# Smooth 4-manifolds with $E_8$ intersection form

Does there exist a closed orientable smooth 4-manifold $M$ whose intersection form is the $E_8$-form? Here by the intersection form I mean the $\mathbb{Z}$-valued bilinear form on $H^2(M;\mathbb{Z})/\text{torsion}$ induced by the cup product map $$H^2(M;\mathbb{Z}) \times H^2(M;\mathbb{Z}) \longrightarrow H^4(M;\mathbb{Z}) \cong \mathbb{Z}.$$

By Rochlin's theorem, this is not possible if $M$ is spin. It is almost the case that if the intersection form on a 4-manifold $M$ is even, then $M$ is spin. However, this is not necessarily the case if $H_1(M;\mathbb{Z}/2)$ is nonzero. So we're looking for a manifold with an interesting fundamental group. It's not clear to me whether or not such a thing exists.
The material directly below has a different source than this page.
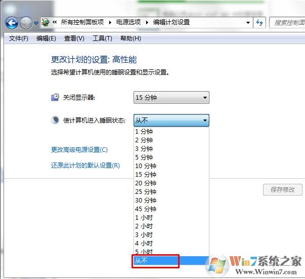 4、接着在计算机进入休眠状态中选择“从不”,最后点击“保存修改”按钮即可。

I'd also be interested in realizing any other even form whose signature is nonzero modulo $16$.

• "Any other" form, viz. $E_8\oplus2U$, is realized by an Enriques surface. (Starting from that, you can do connected sums.) Of course, you also have $S^2\times S^2$. Jan 12, 2015 at 22:20
• Yes, so you can get $E_8\oplus kU$ for $k\ge2$. Jan 12, 2015 at 22:27
• I don't think the fundamental group matters for Donaldson's diagonalisation theorem. Jan 13, 2015 at 1:17
• @AlexDegtyarev: The Enriques surface has intersection form $E_8\oplus U$, not $2U$. Indeed, its second Betti number is 10, since $b_1=0$, and the Euler characteristic is 1/2 the Euler characteristic of the K3 surface. Jan 13, 2015 at 3:56
• There is a proof of Donaldson's diagonalisation theorem (without the assumption on $\pi_1$) in Ozsváth-Szabó's Absolutely graded Floer homologies and intersection forms for four-manifolds with boundary, which is an adaptation of Frøyshov's proof (for which I do not have a reference). Jan 13, 2015 at 13:09

In particular, $E_8$ can't be the intersection form of a closed, orientable, smooth 4-manifold.